I have been following a lively debate about the pros and cons of academic blogging being conducted by a number of military historians, two of whom, coincidently, I know,Ester MacCallum-Smith and Gary Smailes.
Gary writes about ‘[t] he democratising effect of the web,’ in the sense, as I interpret it, that the web breaks down the historical, hierarchical academic structure; with the result that this will release ‘a hoard of amateur historians.’ He goes on to argue ‘that control will be brought about through the development of networks and communities, with university lecturers forming an integral controlling factor. They will act as a ‘listening post’ and a ‘voice of reason’ in the fragmented network of research groups.’ In other words, a sort of Blog Open University of History.
I am no historian, military or otherwise, nor am I an academic though, having completed an MA in Modern French Thought, I would classify myself as a textual interrogator, not strictly a Derridean deconstructionist but inevitably persuaded by his thought. That said, the current discussion has prompted me to ponder on the question of what is history and what it is to blog.
History must always be contemporary; its function, determination and application is governed by the underlying assumptions and values – cultural, political, religious and social – of the era in which it is discussed. The web, of course, influences all these factors. (In fact, one can argue, it is helping to polarise and entrench opinion within certain of them, e.g. religion and politics.) But is it a determining cause or a contributing factor?
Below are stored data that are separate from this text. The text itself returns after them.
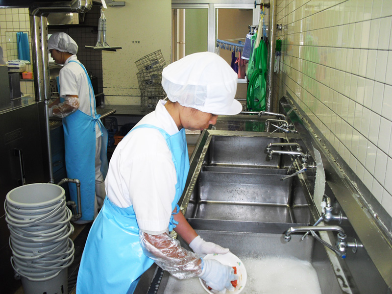 市川市内中学校調理室内での午後洗浄業務です。主な業務内容・食後の食器類回収・調理器具、食器類洗浄・調理室内や休憩室の清掃・ゴミ捨て 等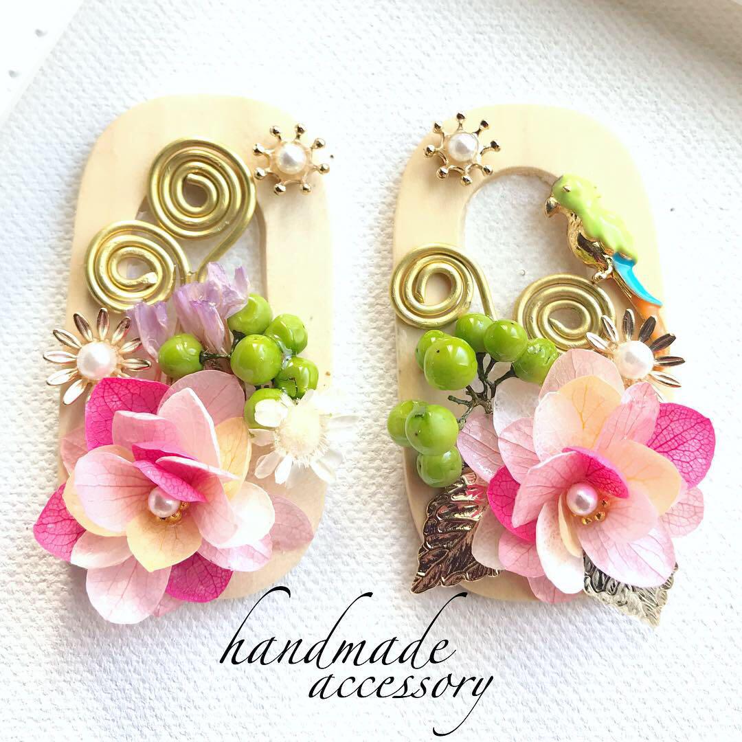 プリザーブドフラワーを使った、ヘアアクセ・ピアス・ブローチなどを制作されている作家さん。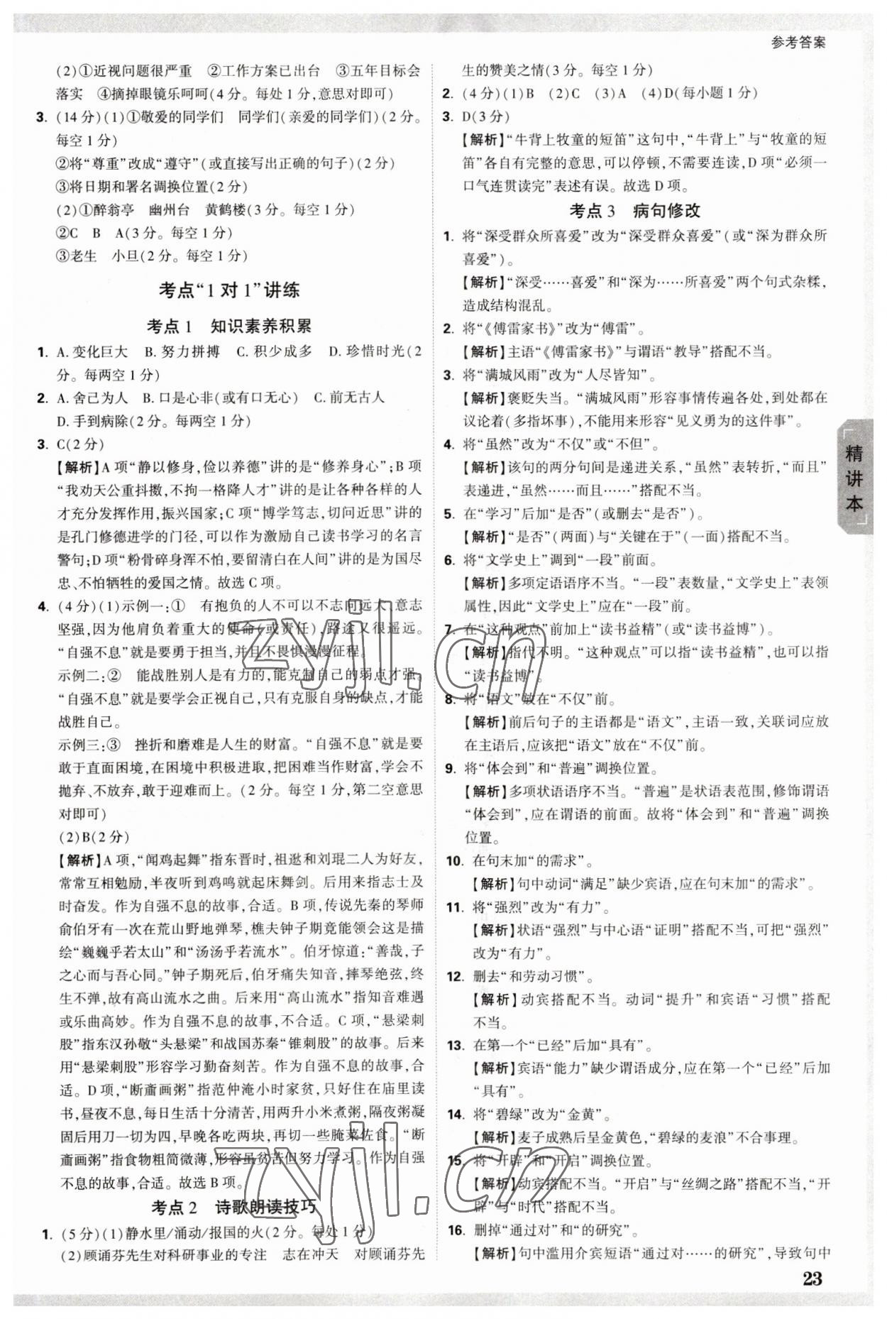 注:目前有些书本章节名称可能整理的还不是很完善,但都是按照顺序排列的,请同学们按照顺序仔细查找。练习册 2023年万唯中考试题研究语文中考安徽专版 答案主要是用来给同学们做完题方便对答案用的,请勿直接抄袭。

It is a fact that just as it is impossible to see the ground directly beneath one’s feet so it is to see the presuppositions that one stands on in life, which is precisely why we need historians and philosophers to look back and analyse the ground we have covered in the hope that we will better understand the point to which we have arrived as well as provide answers as to where we might be going. (Down the pan if I continue this metaphor much longer.)
If I take Gary’s ‘democratising effect’ as the assertion by the individual to claim back what he regards as rightfully his, and combine that with the rise of blogging and online networks then I believe you can identify a drastic shift of the individual’s sense of identity, not in the sense of who he is but what he is, his Being. (And forgive me for using the male gender but it is a tradition in philosophical thought, a description that inflates the value of this text to the point of pretentiousness.) Though this modification has not necessarily been wrought by the web, the latter has for sure aided and abetted it.
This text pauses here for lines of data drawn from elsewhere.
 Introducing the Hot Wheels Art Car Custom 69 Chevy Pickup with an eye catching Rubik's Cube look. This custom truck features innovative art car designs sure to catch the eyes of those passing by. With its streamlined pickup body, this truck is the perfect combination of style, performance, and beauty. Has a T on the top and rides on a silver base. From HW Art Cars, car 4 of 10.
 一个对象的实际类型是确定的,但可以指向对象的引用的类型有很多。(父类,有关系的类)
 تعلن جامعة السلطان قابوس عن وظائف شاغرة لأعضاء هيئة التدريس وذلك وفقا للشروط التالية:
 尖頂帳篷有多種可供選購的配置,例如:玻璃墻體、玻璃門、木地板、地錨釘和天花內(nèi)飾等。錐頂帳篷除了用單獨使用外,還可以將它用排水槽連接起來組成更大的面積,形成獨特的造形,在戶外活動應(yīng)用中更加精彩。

It is the manifestation of identity through a form of symbiotic relativism. It is not, in Ester’s words, so much ‘[w]e think therefore we are, therefore we blog’, but we blog so that we are because we are linked. My Being is confirmed by my connections. (Be honest, how often have you Googled yourself?) It may be regarded as the polar opposite of Sartre’s thought where the Other was always hostile and thus ‘the essence of relations between consciousnesses… is conflict’? (Sartre, Being and Nothingness, 2001, p. 429.) Now the essence of relations between consciousnesses is confirmation, albeit remotely, of mutual self. In fact, the remoteness of the relationship is not an unfortunate happenstance but essential. Again we have swung 180 degrees, this time from the Socratic belief that the written word is to be distrusted, as it is open to interpretation without immediate riposte, to the idea that the written word, however slippery, has some form of immortality attached to it unlike the spoken word or, indeed, ourselves. Our blog is now our soul.
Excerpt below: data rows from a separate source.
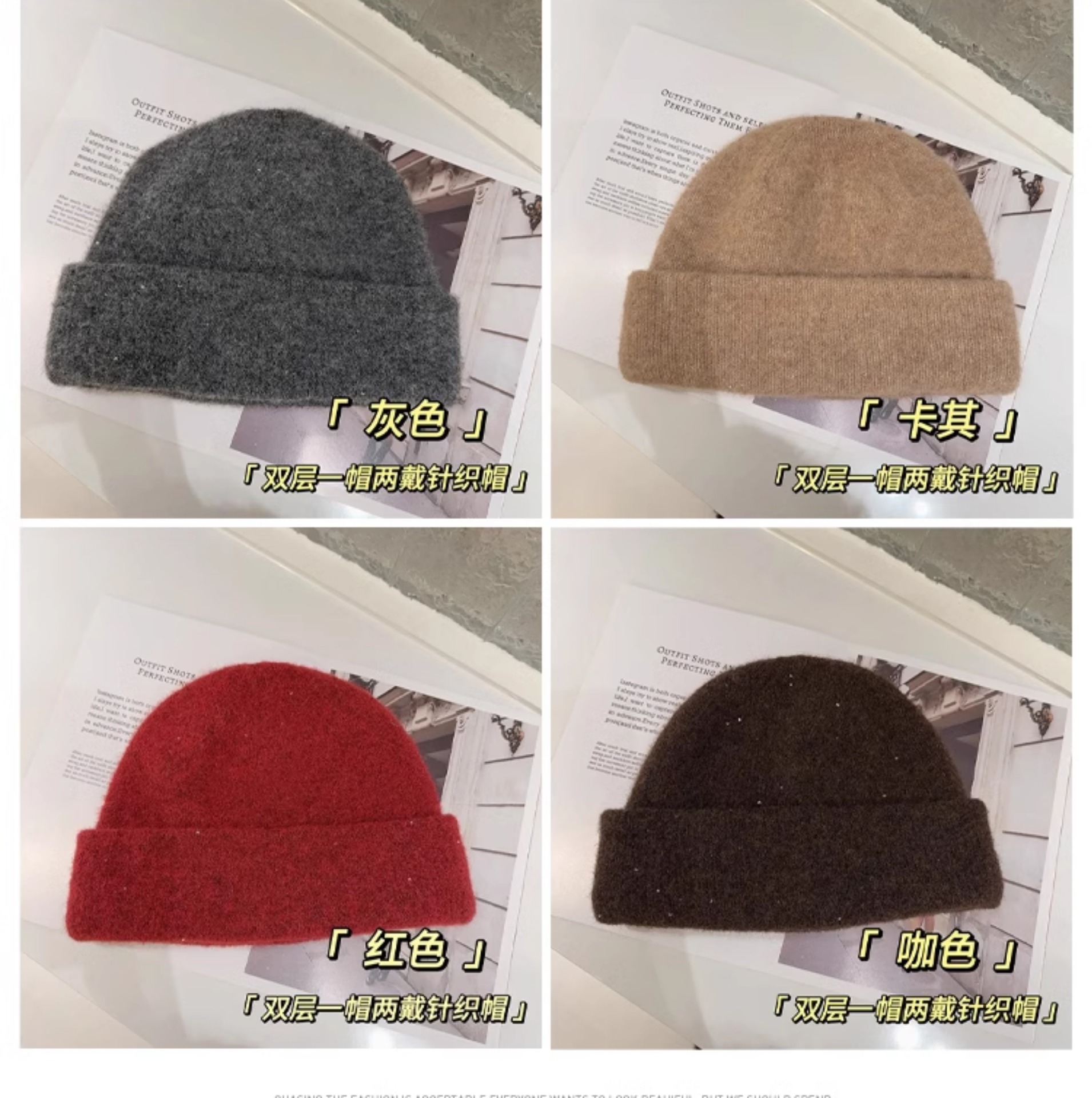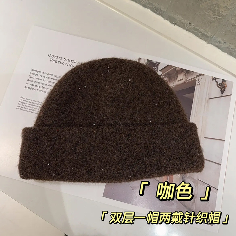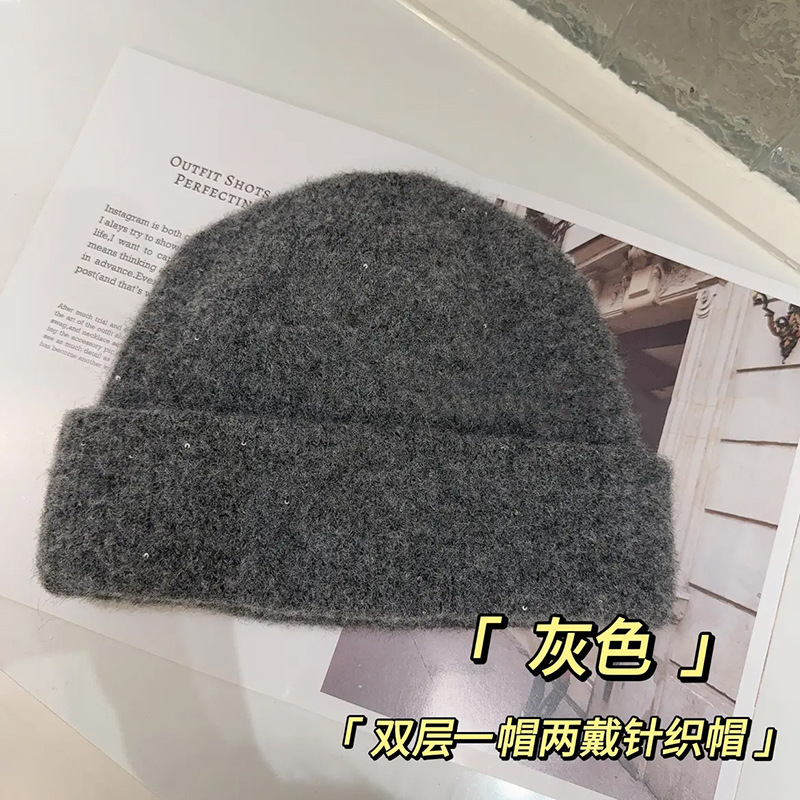 가을과 겨울 새 양모 블렌드 니트 모자 여성용 빅 헤드 힙 올 매치 더블 레이어 따뜻한 두꺼운 모자스토어 가기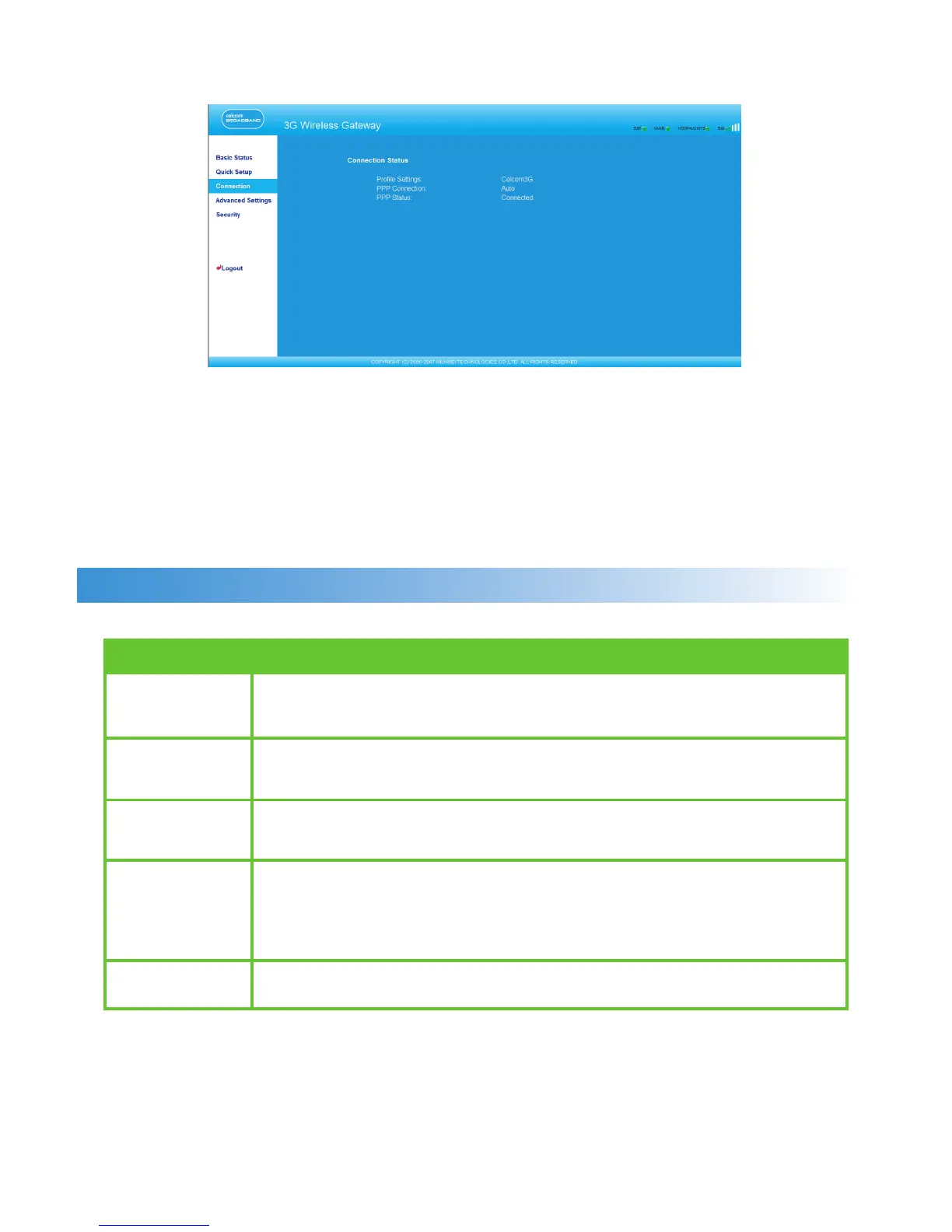 Basic Status Displays the parameter conguration status of the gateway. For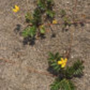 Close-up of small green leafy plant with yellow flowers growing out of sandy beach during the summer.
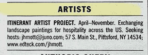 Classified Ad The means by which people hear about my project and decide to invite me have expanded along with media coverage*. Mostly, though, I have relied on email chain letters (not the bad luck kind); classified ads; word of mouth and my web presence. More recently, when needing a host in a target location, I have tried cold-calling art departments, reference librarians, museums, etc. *an aside: My interview on Canadian public radio led to several dozen invitations, including one from the Gaza Strip. "You might have trouble getting back out, but you'd have an interesting time," she wrote. |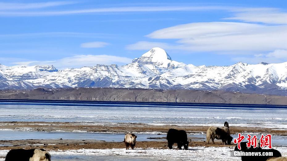 每年入冬后,西藏阿里地區(qū)普蘭縣農(nóng)牧區(qū)牦牛出現(xiàn)在岡仁波齊神山腳下及瑪旁雍錯圣湖旁,呈現(xiàn)“天邊牧場”的最美盛景。這里正是西藏瑪旁雍錯濕地國家級自然保護區(qū),視野開闊,水草豐美?,斉杂哄e的湖水主要來自岡底斯山脈的雪山融水,幽美而清澈。當(dāng)?shù)啬撩窠崭嬖V記者,每年冬季,周邊的農(nóng)牧區(qū)將把牦牛趕到這里過冬,在冬季這里的牦牛只喝“圣水”,“都是有口福的牛。” 貢桑拉姆 攝

This is a long way from the original debate, but that is blogging for you.
2 comments:
History has mostly been written by the victorious and History has surely been awaiting the time when the little people, the individual, the vanquished, those in hiding, under fire, in opposition or on the run, get to tell it. The blog fits the bill perfectly and has the potential to reach large audiences and be powerful and influential; we've had some really good recent examples from such places as Iraq, for example. Worryingly, the Chinese government are finding ways of placing electronic barriers between their bloggers and blog readers and the rest of the world. Blog while you can!
My argument is that the blog has freed the 'normal' preson to offer a valid voice to any historical debate. Though the idea that blogging fulfills a basic human instinct is certainly true.